Unemployment in the Yuma, Ariz., metropolitan area was 34.5 percent last month—about 4.5 times the national average—according to new Labor Department data.
So why is Yuma’s rate so high? Local officials and experts routinely blame its large migrant population and seasonal agricultural sector. NPR last year spotlighted the town alongside Bismarck, N.D., which was—and remains—the metro area with the nation’s lowest unemployment rate thanks to the region’s oil boom. Here’s how NPR explained Yuma’s problem:
“The unemployment rate of border communities can sometimes artificially increase — and even double — because of a large uncounted migrant population, says San Diego State University economics professor James Gerber. And border cities tend to have greater health problems and lower levels of education, which are associated with high unemployment, he says.”

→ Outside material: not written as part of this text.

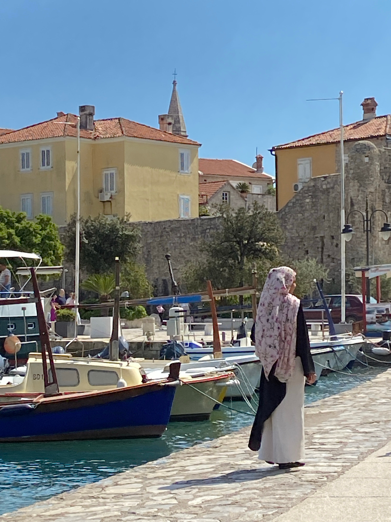 The image shows a waterfront scene in the city of Budva, Montenegro. A row of buildings with yellow facades and red-tiled roofs is visible. One building has a church spire rising above it. Several boa…read more
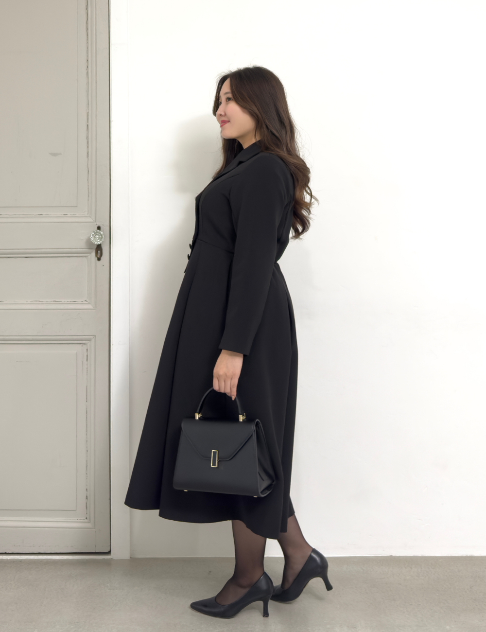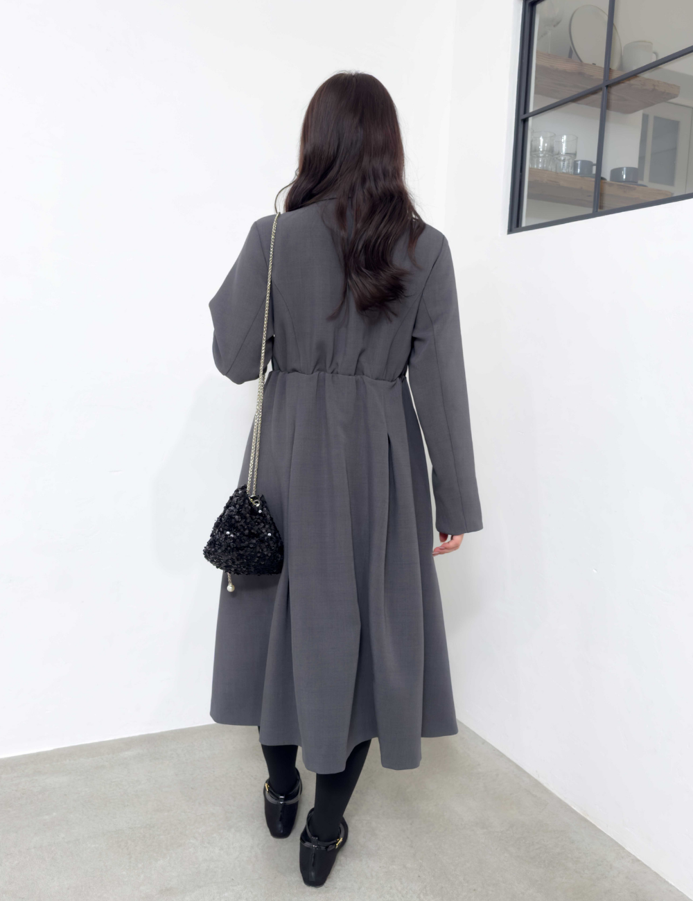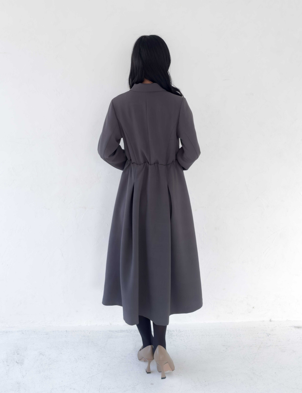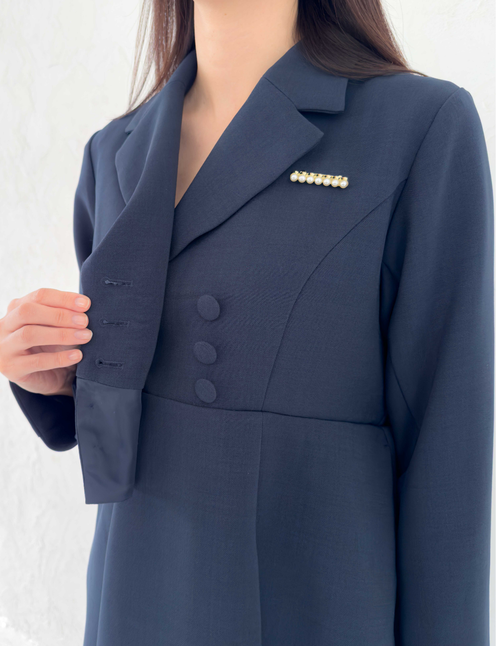 前開きに並ぶ飾りのクルミボタンが、クラシカルで洗練された印象を引き立てます。

The seasonal farm sector and tourism were to blame, too, local officials told a local reporter last month. That seasonality is evident when you look at Yuma’s monthly rates over the past few years, though the peaks and troughs have almost steadily climbed from the start of the Great Recession and through the recovery:
But Yuma is an outlier. More than half of the nation’s metro areas—214—fared better than the national average last month. And just over 85 percent posted year-on-year unemployment rate declines. In the 49 areas that are home to one million or more people, unemployment ranged from 4.8 percent to 11 percent.